FİYAT ARTIŞININ NEDENLERİ?
Bu yıl için artan fiyatların en önemli nedenlerinden birisi, olumsuz hava şartlarına bağlı olarak üretimin azalması. Aşırı yağışlar ve aşırı sıcaklar bu yıl verimi olumsuz etkiledi ve yeterli ürün olmadığı için fiyatlar arttı diyerek işin içinden çıkamayız. Asıl önemli sorun son 10 yılda üretimin her yıl biraz daha azalması. Üretim 640 bin tondan 510 bin tona gerilerken hiçbir önlem alınmadı.
ÜRETİCİ NEDEN FASULYE EKİMİNDEN VAZGEÇİYOR?
Bunun birçok nedeni var. En çok bilineni fasulye üretiminin zahmetli olması, üretim maliyetlerinin çok yükselmesi ve çiftçinin para kazanamaması. Bu birçok ürün için geçerli.
Taze fasulye üretimi binlerce dönüm, çok geniş alanlarda yapılmıyor. Daha çok aile tarımı, küçük aile çiftçiliği şeklinde yapılıyor. Bir çiftçinin deyimi ile çok ince iş. Büyük arazisi olan çiftçiler taze fasulye üretimi ile uğraşmaz. Küçük aile işletmeleri 3-5 dönüm alanda geçimlik tarım olarak yapılır.
AİLE ÇİFTÇİLİĞİ AZALDIKÇA FASULYE ÜRETİMİ DE AZALDI
Son yıllarda biraz da bilinçli olarak aile tarımı, aile çiftçiliği yok edildi. Küçük aile işletmeleri artık üretim yapamaz noktaya geldi. Maliyetler çok yüksek. Çiftçilik yapacak aile bireyleri yaşlandı. Fasulye ile uğraşacak gücü kalmadı. Devletin verdiği yaşlılık yardımı ve benzeri destekler çiftçiyi üretimden iyice uzaklaştırdı. Köyde hem çalıştıracak işçi yok hem de maliyeti yüksek. Bir işçi fasulye toplamak için günde 500 lira alıyor. Çalışan için bu para az, çalıştıran için yüksek.

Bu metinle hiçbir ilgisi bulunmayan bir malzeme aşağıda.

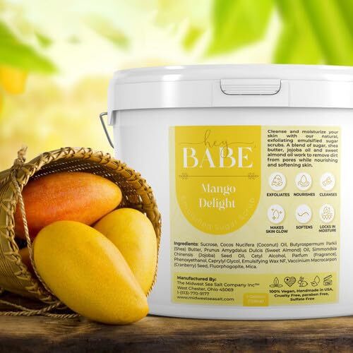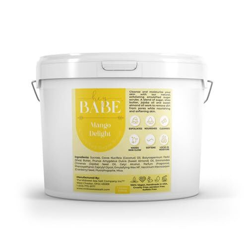 The Hey, Babe Emulsified Sugar Scrub in Mango Delight offers a unique and invigorating way to cleanse and moisturize your skin. This 128oz jar is a luxurious blend of natural ingredients like sugar, shea butter, jojoba oil, and sweet almond oil that work harmoniously to remove dirt and impurities from pores while nourishing and softening the skin. The tropical Mango Delight fragrance envelops you in a refreshing scent, transforming your skincare routine into a delightful experience. Unlike traditional scrubs, this emulsified formulation melts upon contact with body temperature, delivering a creamy exfoliation that leaves your skin feeling smooth and rejuvenated.

Köyde yaşayanlar üretici olmaktan çıkıp tüketici oldu. Köylerde emekli nüfusun oranı artıyor. Şehirde emekli maaşı ile geçinemeyenler köye dönüyor. O maaşla köyde geçinebiliyor. Emekli olarak köye dönenler sadece kendi ihtiyacı kadar üretim yapıyor. Yani bir anlamda üretimi hobi olarak yapıyor. Tarımsal üretimle geçinmek zorunda olanlar ise artan maliyetler nedeniyle üretim yapmakta büyük zorluk yaşıyor. Bağ-Kur primini ödeyemediği için sistemin dışına çıkan yüzbinlerce çiftçi var. Bağ-Kur’lu çiftçi sayısı son 10 yılda 1 milyondan 477 bine düştü. Güvencesi olmayan çiftçinin çocukları ilerde emekli olurum umuduyla tarlayı, bağı, bahçeyi bırakıp otellerde, fabrikalarda asgari ücretle çalışmaya razı oluyor. “Üretme Tüket” politikası sonucunda birçok üründe üretim azalıyor. Aile çiftçiliği yok oluyor. Fiyatlar bu nedenle yükseliyor.”